Porosmedia.com – Lirik lagu legendaris Pas Band, band kebanggaan Bandung, kembali menggema dengan relevansi yang menusuk. Bukan hanya sekadar rangkaian kata, lirik ini menjadi suara hati kolektif yang “muak,” “jengah,” dan “bosan” dengan janji serta alasan yang tak kunjung berbuah bukti yang langsung terasa dan nyata.

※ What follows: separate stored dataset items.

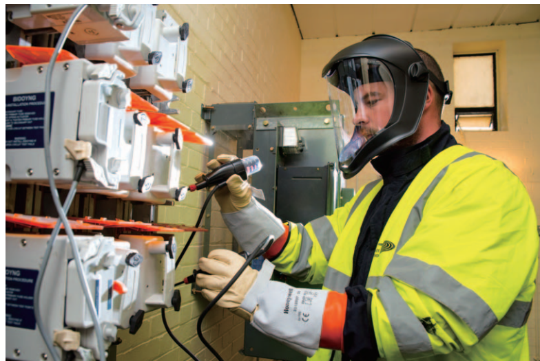
UKPN offers extensive technical training to all engineers to ensure the highest standards are maintained.

UK Power Networks (UKPN) owns, operates and manages three of the 14 regulated electricity distribution networks in the UK. It is one of the largest electricity distribution network owners in the UK covering an area of approximately 30,000 km 2 . UKPN also operates a number of private networks on behalf of clients including the British Airports Authority and the Ministry of Defence. The Group owns 40% of the company since 2010.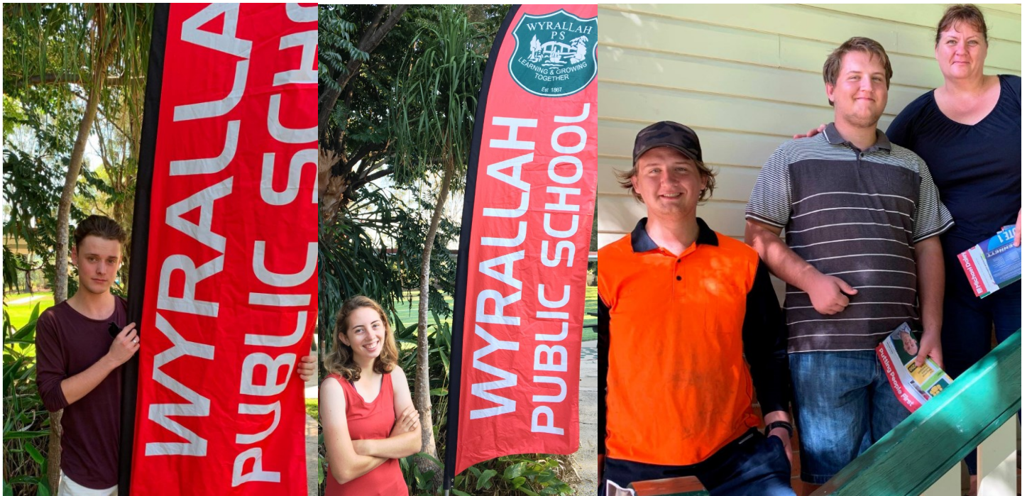
Some of our former students all grown up and returning to our lovely little school on Saturday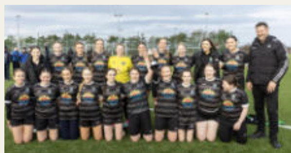
U20 Girls Soccer Connaught Champions 2025.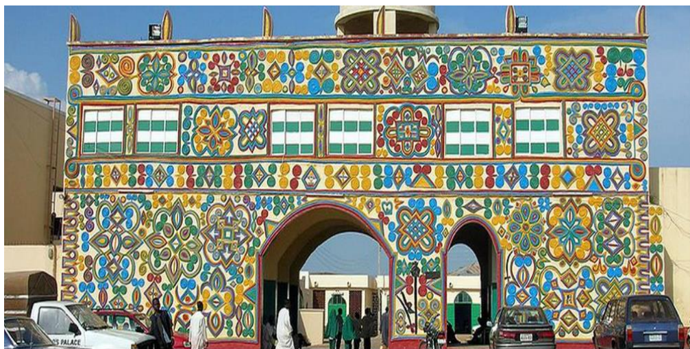
Figure 5 The Palace Gate of the Emir of Zazzau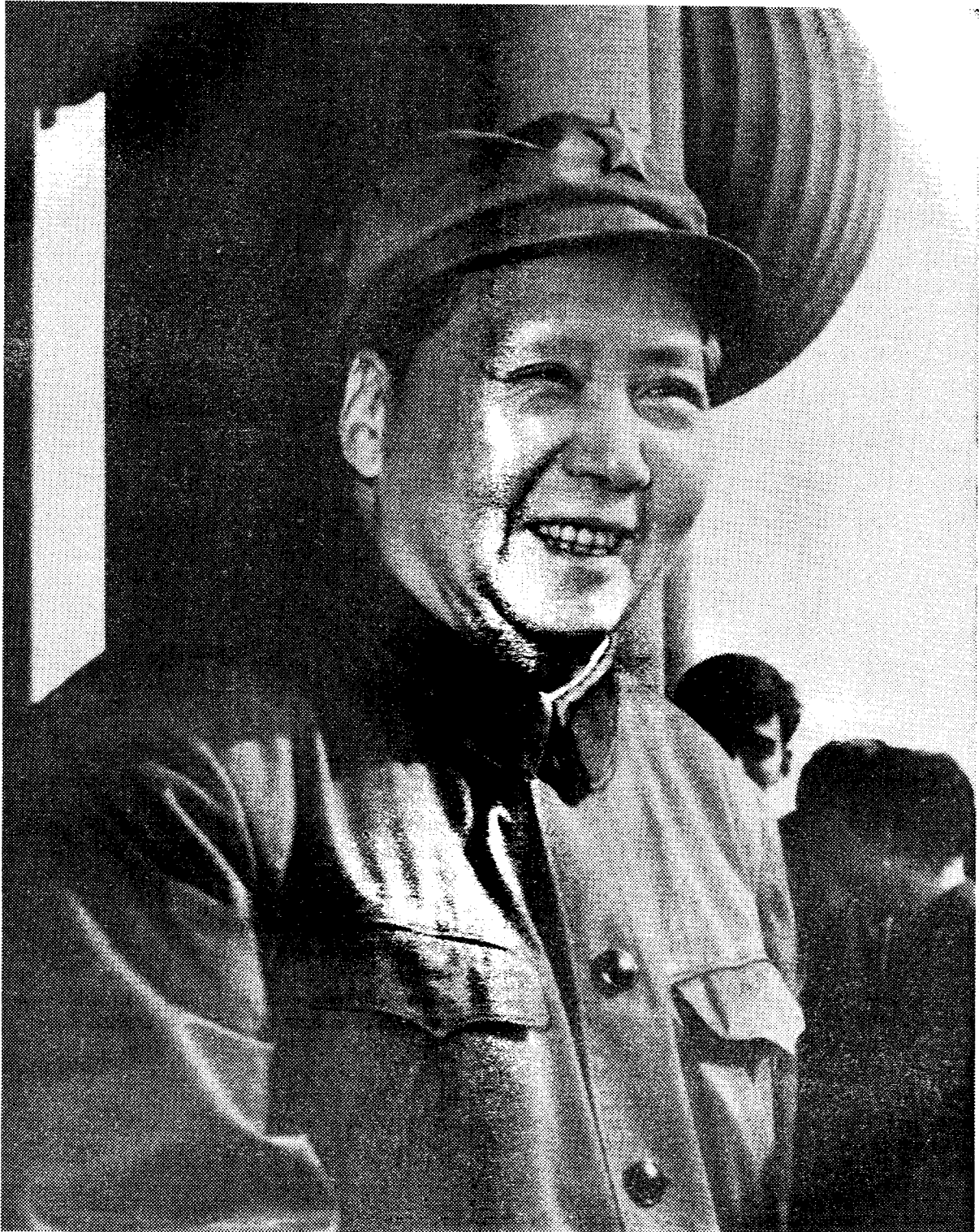
Chairman Mao Tse-tung

Our great teacher, great leader, great supreme commander and great helmsman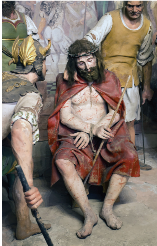
Fig. 3. Jesus Crowned with Thorns, Chapel XXXI, Sacro Monte di Varallo.

There are a number of Sacri Monti in Northern Italy, the ones at Varallo and Orta being among the most fully realized and carefully preserved. Grouped together as World Heritage sites, it is all too easy to note their similarities and diminish their differences; however, when examining Varallo and Orta, the contrast is enlightening as it pertains to understanding the aesthetic and strategic vision of Orta. With over forty chapels, the Sacro Monte di Varallo leads the pilgrim on a far more rugged, exhausting and convoluted path than the Sacro Monte di Orta. It seems designed to challenge the pilgrim to exhaustion not only physically but spiritually. Perhaps the designers of Varallo were bent on shocking the pilgrim into submission to Christ and thus the Church. With chapels devoted to the Fall of Adam and Eve (Chapel I), Jesus' capture (Chapel XXIII), Jesus' trials (before Annas, Caiaphas, Pontius Pilate, and Herod, Chapels XXIV, XXV, XXVII, and XXIX respectively), and ten separate chapels devoted to stages of the Passion (see Fig. 3), perhaps most poignant example remains Chapel XI, "Slaughter of the Innocents" (see Fig. 4). It is grotesque, graphic, and leaves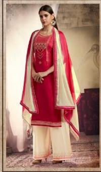
D No 10074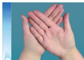
2 Rub right palm over left dorsum and vice versa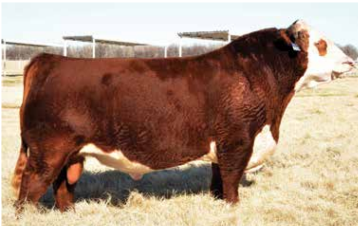
EXR Bankroll 8130 ET :: Sire of Lots 4 & 5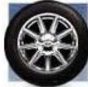
18-inch chrome-clad aluminum wheels standard on 300 Touring AWD, 300 Limited AWD and 300C AWD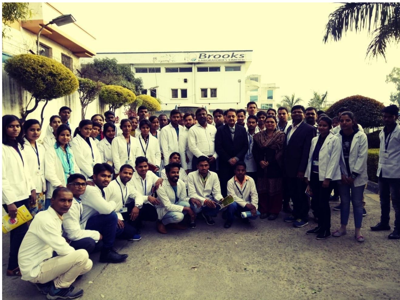
Brooks Laboratories Limited, Baddi Visit 2018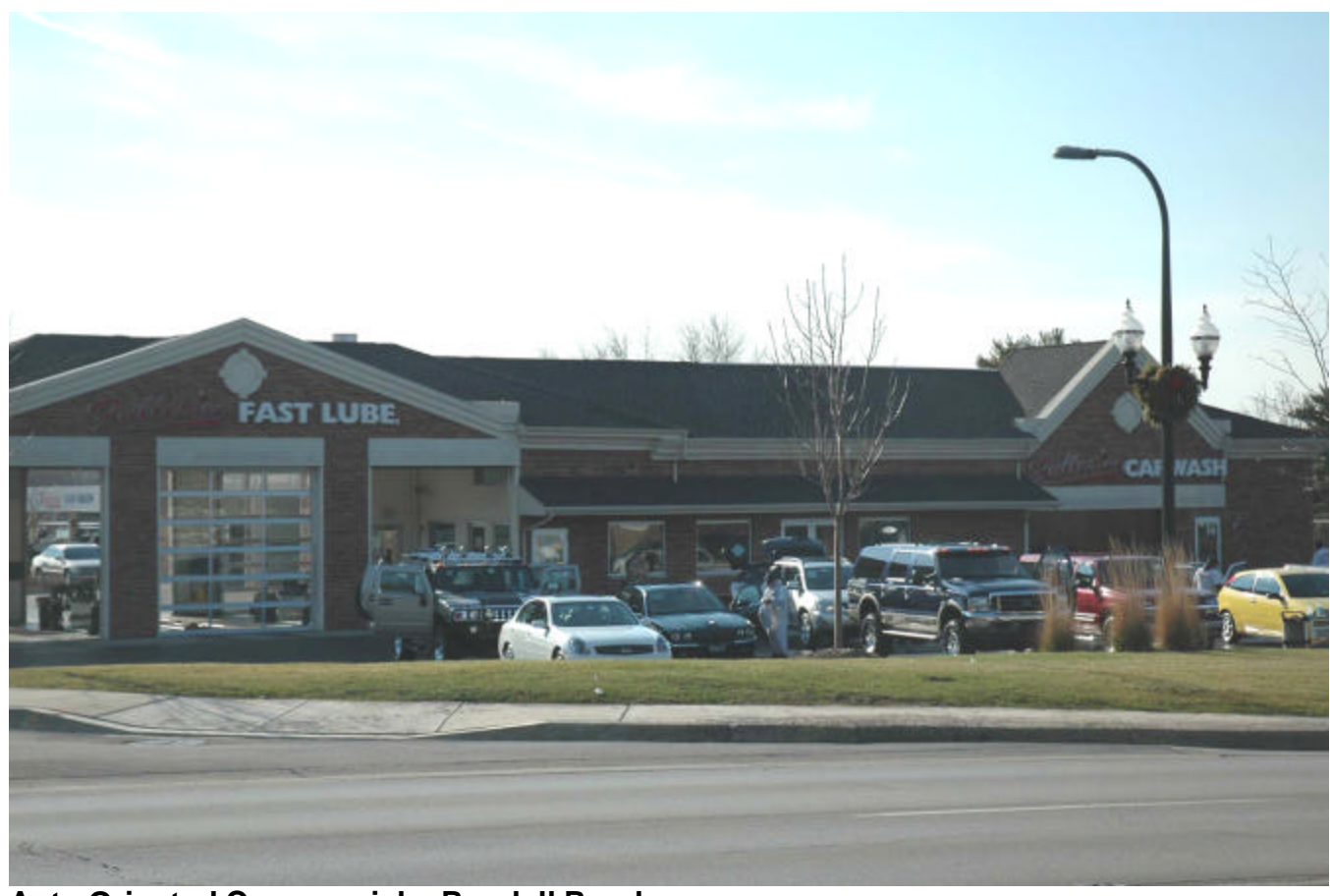
Auto Oriented Commercial – Randall Road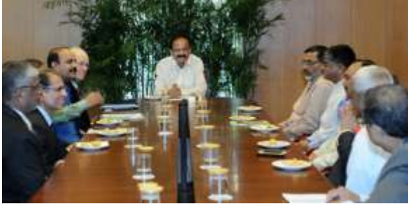
Policy Research and Advocacy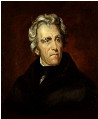
Thomas Sully's portrait of Andrew Jackson, ca. 1857.

Jump to: Childhood • The American Revolution • Public Career • Politics and Elections • The Presidency • Retirement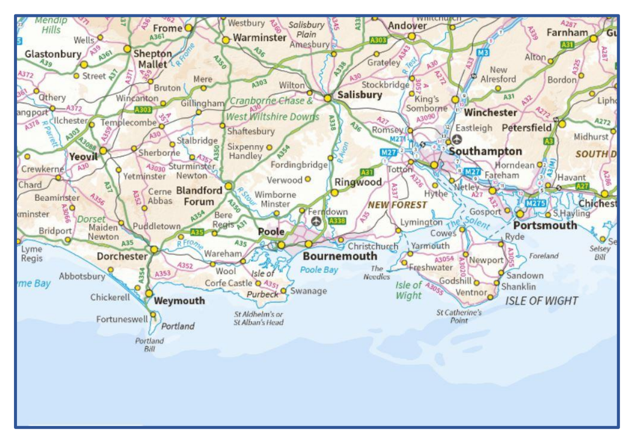
Figure 1. Map of the 3Cs South Location

their neighbours; Dorset, Devon and Solent have worked together in the past on a MMO project on stakeholder engagement for marine plans and the Solent Forum is helping to support the establishment of the Sussex Marine Forum.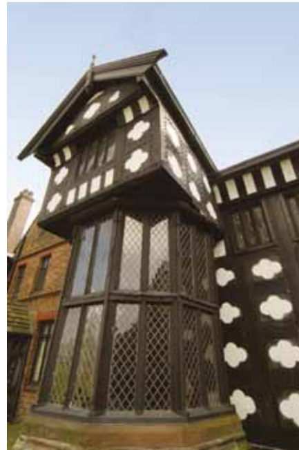
Ordsall Hall reopens in Easter 2011 following an extensive restoration to open up new rooms, landscape the gardens and restore the roof.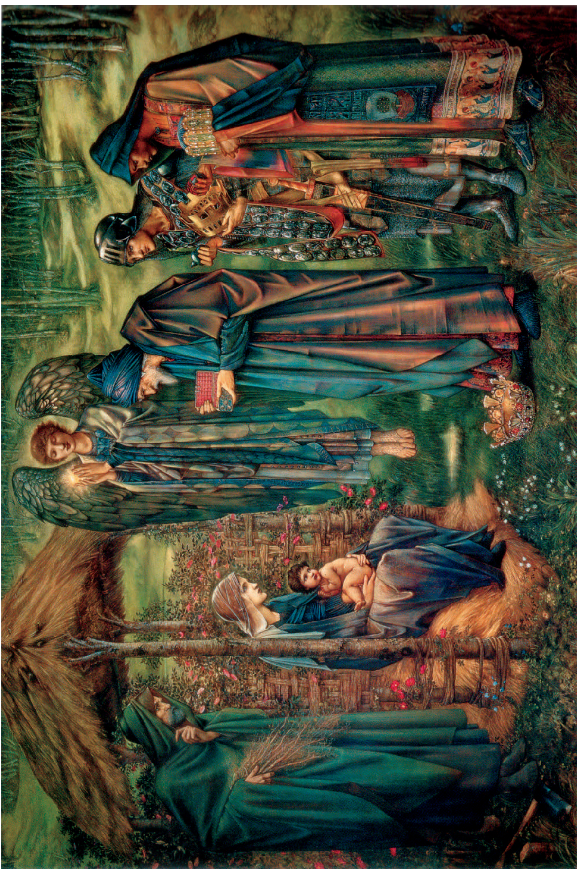
The Star of Bethlehem, 1890

Lagu ini berfungsi sebagai cermin sosial yang menangkap denyut frustrasi publik terhadap fenomena “hanya bisa bicara” namun “tak pernah ada bukti.” Dalam konteks tata kelola pemerintahan, khususnya yang dirasakan oleh warga Bandung, narasi ini terasa kian pahit.
Dari Panggung Retorika ke Realitas Lapangan
Kita hidup dalam era di mana retorika politik sering kali lebih nyaring daripada tindakan substansial. Ruang publik dipenuhi teriakan “orang besar bicara” yang, alih-alih membawa solusi, justru sibuk “perkeruh suasana, saling jatuh singgasana.”
Warga Bandung tidak butuh perdebatan genre atau drama singgasana yang “membingungkan” dan hanya “perpanas suasana.” Warga menuntut kesehatan pemerintahan—sebuah sistem yang imun terhadap korupsi menggila dan praktik “upeti di sana-sini.” Keinginan ini adalah hak fundamental dari masyarakat yang telah memberikan mandat.
Menolak Status Quo: Memutus Siklus Kebosanan
Pertanyaannya kini, sampai kapan kita, sebagai saksi, akan terus dipaksa mendengarkan “banyak alasan” dan “cerita” yang itu-itu saja?
Momentum perubahan yang didambakan masyarakat Bandung harus didasarkan pada transparansi radikal dan akuntabilitas yang tak bisa ditawar. Pemerintah bukan hanya harus pandai merancang visi di atas kertas, tetapi wajib membuktikannya melalui kinerja harian yang terukur dan berdampak langsung pada peningkatan kualitas hidup warganya.
Bukti nyata adalah:
- Birokrasi yang efisien tanpa celah pungli.
- Anggaran daerah yang sepenuhnya dialokasikan untuk kepentingan publik, bukan untuk kepentingan elite.
- Kepastian hukum bagi siapa pun yang terbukti melanggar, tanpa pandang bulu.
Kebenaran, seperti yang diserukan dalam lirik, adalah Milik-Nya, hanya milik-Nya. Kekuatan rakyat untuk menuntut kejujuran dan integritas adalah manifestasi dari kebenaran itu. Rakyat Bandung jengah menjadi saksi dari siklus kekecewaan. Sudah saatnya kita bergerak dari posisi muak menjadi pelopor perubahan—menuntut janji ditepati dan retorika diubah menjadi aksi nyata yang membangun martabat kota.